(Problem) Please restate word for word the lines of the entries below from the one with "Personenbezogene Daten auf" to the one with "Eucerin Sun Pigment", inclusive, and leave out every picture.

(Records for this exercise)
- Opening Delimiter -
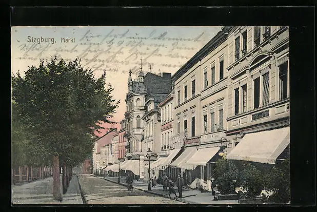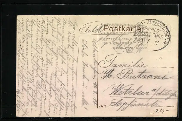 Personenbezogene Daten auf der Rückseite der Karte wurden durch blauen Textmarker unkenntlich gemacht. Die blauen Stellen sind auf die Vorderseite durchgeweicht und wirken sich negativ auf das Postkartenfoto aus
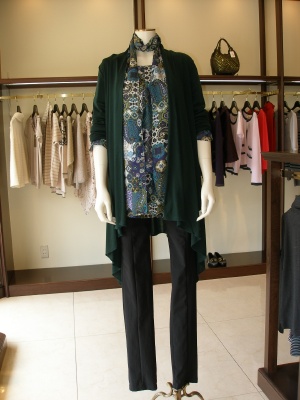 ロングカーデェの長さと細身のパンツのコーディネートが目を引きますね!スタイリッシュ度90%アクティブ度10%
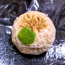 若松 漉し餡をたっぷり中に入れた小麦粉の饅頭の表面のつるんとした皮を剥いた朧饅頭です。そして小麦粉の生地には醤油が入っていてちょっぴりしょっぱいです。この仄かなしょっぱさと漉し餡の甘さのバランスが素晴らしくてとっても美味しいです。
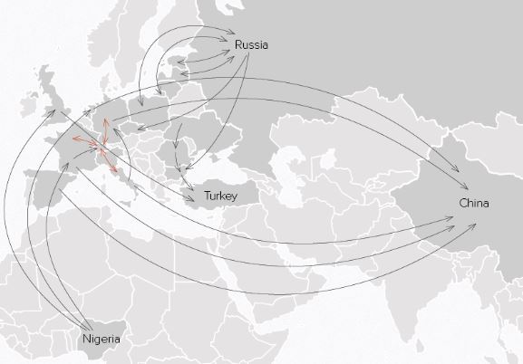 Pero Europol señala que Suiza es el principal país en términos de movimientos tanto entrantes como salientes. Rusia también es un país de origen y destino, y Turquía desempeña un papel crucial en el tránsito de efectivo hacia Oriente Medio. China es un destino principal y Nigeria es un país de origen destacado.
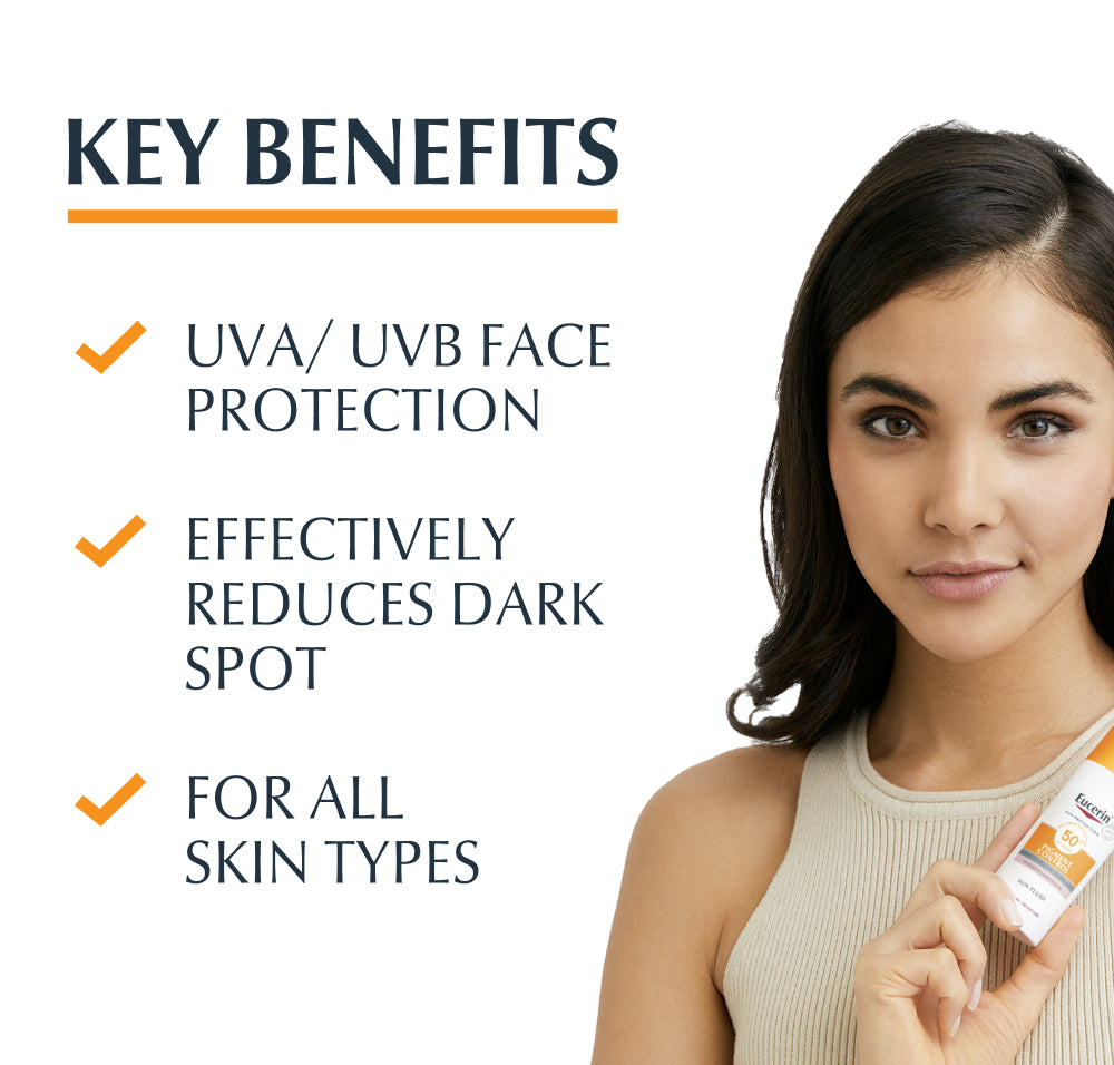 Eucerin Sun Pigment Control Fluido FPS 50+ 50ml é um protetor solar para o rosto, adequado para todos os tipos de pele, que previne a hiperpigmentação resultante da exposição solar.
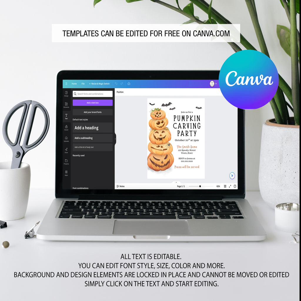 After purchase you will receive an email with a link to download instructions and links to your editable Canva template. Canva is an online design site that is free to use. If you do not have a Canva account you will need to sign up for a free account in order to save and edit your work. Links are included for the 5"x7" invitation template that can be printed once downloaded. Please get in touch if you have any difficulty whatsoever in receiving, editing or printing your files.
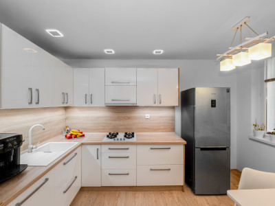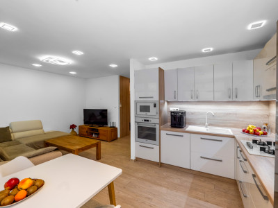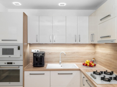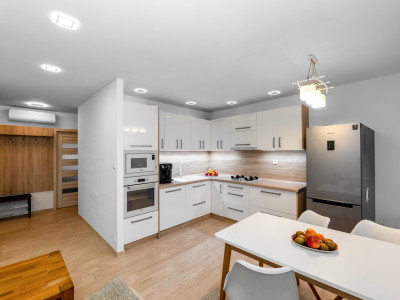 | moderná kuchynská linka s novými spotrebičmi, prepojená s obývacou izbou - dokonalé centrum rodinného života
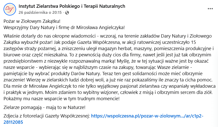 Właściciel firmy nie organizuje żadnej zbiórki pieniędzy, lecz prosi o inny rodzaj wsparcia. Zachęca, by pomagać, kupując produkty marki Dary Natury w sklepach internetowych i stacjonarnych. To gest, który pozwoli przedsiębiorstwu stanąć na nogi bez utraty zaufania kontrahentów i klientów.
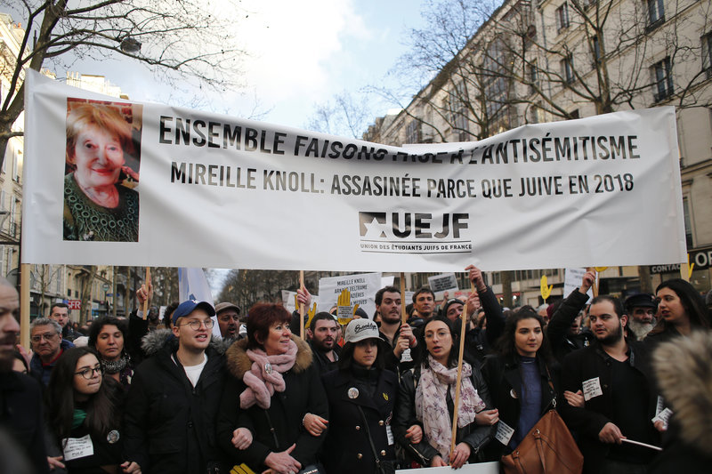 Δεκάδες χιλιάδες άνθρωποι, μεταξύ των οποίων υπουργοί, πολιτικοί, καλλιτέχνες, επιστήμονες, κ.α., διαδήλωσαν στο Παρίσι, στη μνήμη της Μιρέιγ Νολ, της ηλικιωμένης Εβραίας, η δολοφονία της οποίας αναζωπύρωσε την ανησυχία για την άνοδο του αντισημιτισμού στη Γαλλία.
- Closing Delimiter -
- Opening Delimiter -
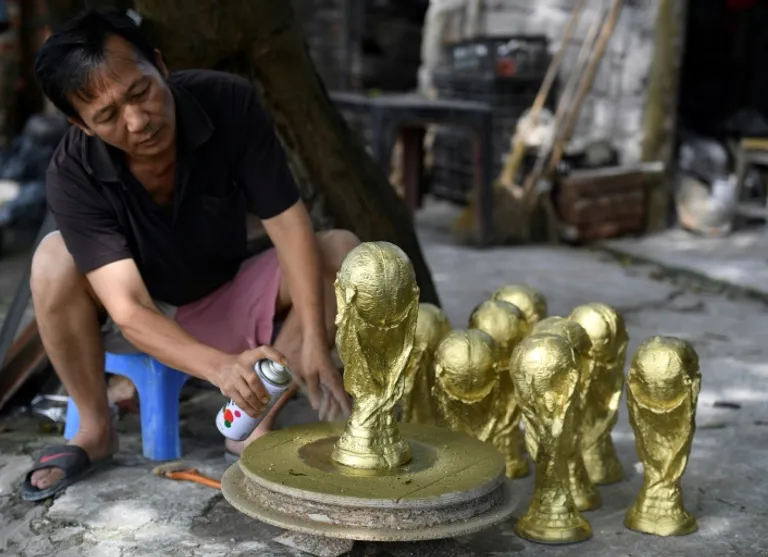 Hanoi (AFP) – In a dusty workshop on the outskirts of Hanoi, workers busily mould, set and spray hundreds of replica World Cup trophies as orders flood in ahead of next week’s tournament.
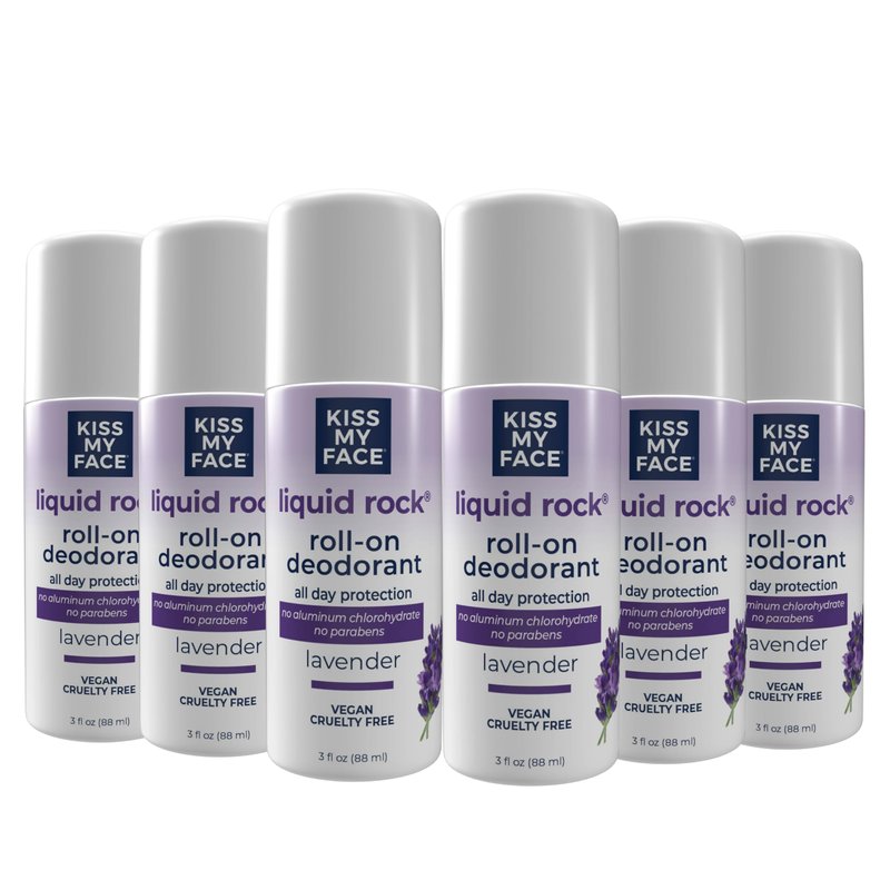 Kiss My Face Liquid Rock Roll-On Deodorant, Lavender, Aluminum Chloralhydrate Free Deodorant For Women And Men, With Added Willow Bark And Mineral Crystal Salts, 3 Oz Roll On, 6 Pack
- Closing Delimiter -
- Opening Delimiter -
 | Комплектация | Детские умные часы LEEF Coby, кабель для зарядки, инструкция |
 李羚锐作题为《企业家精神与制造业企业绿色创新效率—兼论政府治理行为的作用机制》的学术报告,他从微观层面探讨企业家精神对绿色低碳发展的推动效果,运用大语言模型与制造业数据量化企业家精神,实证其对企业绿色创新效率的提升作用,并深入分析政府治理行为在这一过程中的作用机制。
- Closing Delimiter -
(Written response)
 Personenbezogene Daten auf der Rückseite der Karte wurden durch blauen Textmarker unkenntlich gemacht. Die blauen Stellen sind auf die Vorderseite durchgeweicht und wirken sich negativ auf das Postkartenfoto aus
 ロングカーデェの長さと細身のパンツのコーディネートが目を引きますね!スタイリッシュ度90%アクティブ度10%
 若松 漉し餡をたっぷり中に入れた小麦粉の饅頭の表面のつるんとした皮を剥いた朧饅頭です。そして小麦粉の生地には醤油が入っていてちょっぴりしょっぱいです。この仄かなしょっぱさと漉し餡の甘さのバランスが素晴らしくてとっても美味しいです。
 Pero Europol señala que Suiza es el principal país en términos de movimientos tanto entrantes como salientes. Rusia también es un país de origen y destino, y Turquía desempeña un papel crucial en el tránsito de efectivo hacia Oriente Medio. China es un destino principal y Nigeria es un país de origen destacado.
 Eucerin Sun Pigment Control Fluido FPS 50+ 50ml é um protetor solar para o rosto, adequado para todos os tipos de pele, que previne a hiperpigmentação resultante da exposição solar.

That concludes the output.